投資信託を始める前に

投資信託なら「投資信託を始める前に」へ! - 最悪リスクの推定


標準偏差から最悪リスクを想定する

確率統計学の基礎ともいえる標準偏差。学生の時に学校で標準偏差を習った記憶はあるけれども、全く覚えていない。σ(シグマ)という記号を書いた覚えはあるけれども、意味を全く覚えていないという人も多いのではないでしょうか?確率分布を習ったのは、おそらく、クラスの平均身長の分布を計算するといった問題や、クラスのテストの点数の分散具合を計算すると言った問題ではじめて習ったのではないかと思います。標準偏差は、ある集団についてのデータがどのように分布しているかを表すものです。
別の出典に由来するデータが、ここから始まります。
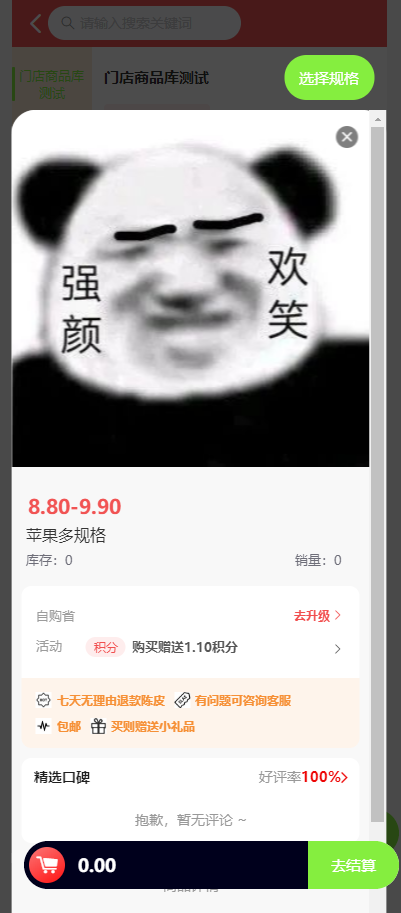 多规格商品点击商品弹出商品详情,上方可以点击选择规格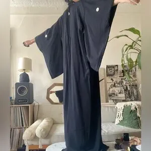 Vintage Japanese Black Silk Kimono Tomesode Family Crest Thin - Height 58.66inch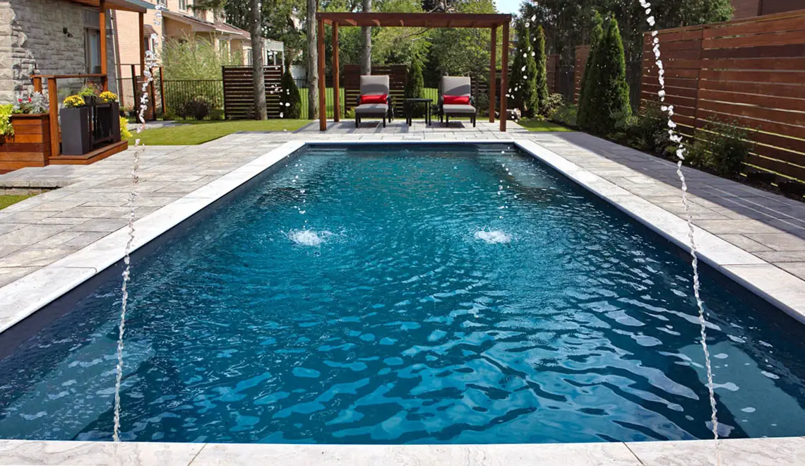 More than just a space for fun and games, this sleek, rectangular pool pulls out all the functionality stops in legendary style. It may very well just become the highlight of your outdoor living space.

確率統計では、その分布はその集団の代表的な値(中心の値)から左右対称に広がっていることを前提に、その中心値から−σ~+σの間に全体のデータのおおよそ68%のデータ、−2σ~+2σの間に全体のデータのおおよそ95%のデータが含まれます。さらに−3σ~+3σの間に全体のデータのおおよそ99.7%のデータが含まれます。この−3σ~+3σの範囲になると、もはやほとんどのデータがこの中に含まれる地点であると言えますね。つまり、この確率論を使うことで、最悪の株価下落の確率を推定することができます。標準偏差でリスクを考え、マイナス2σで最悪のケースを想定すれば、リスクが限度を超えないように自分で資金のコントロールをしながら、資産形成を効率的に行うことができるわけです。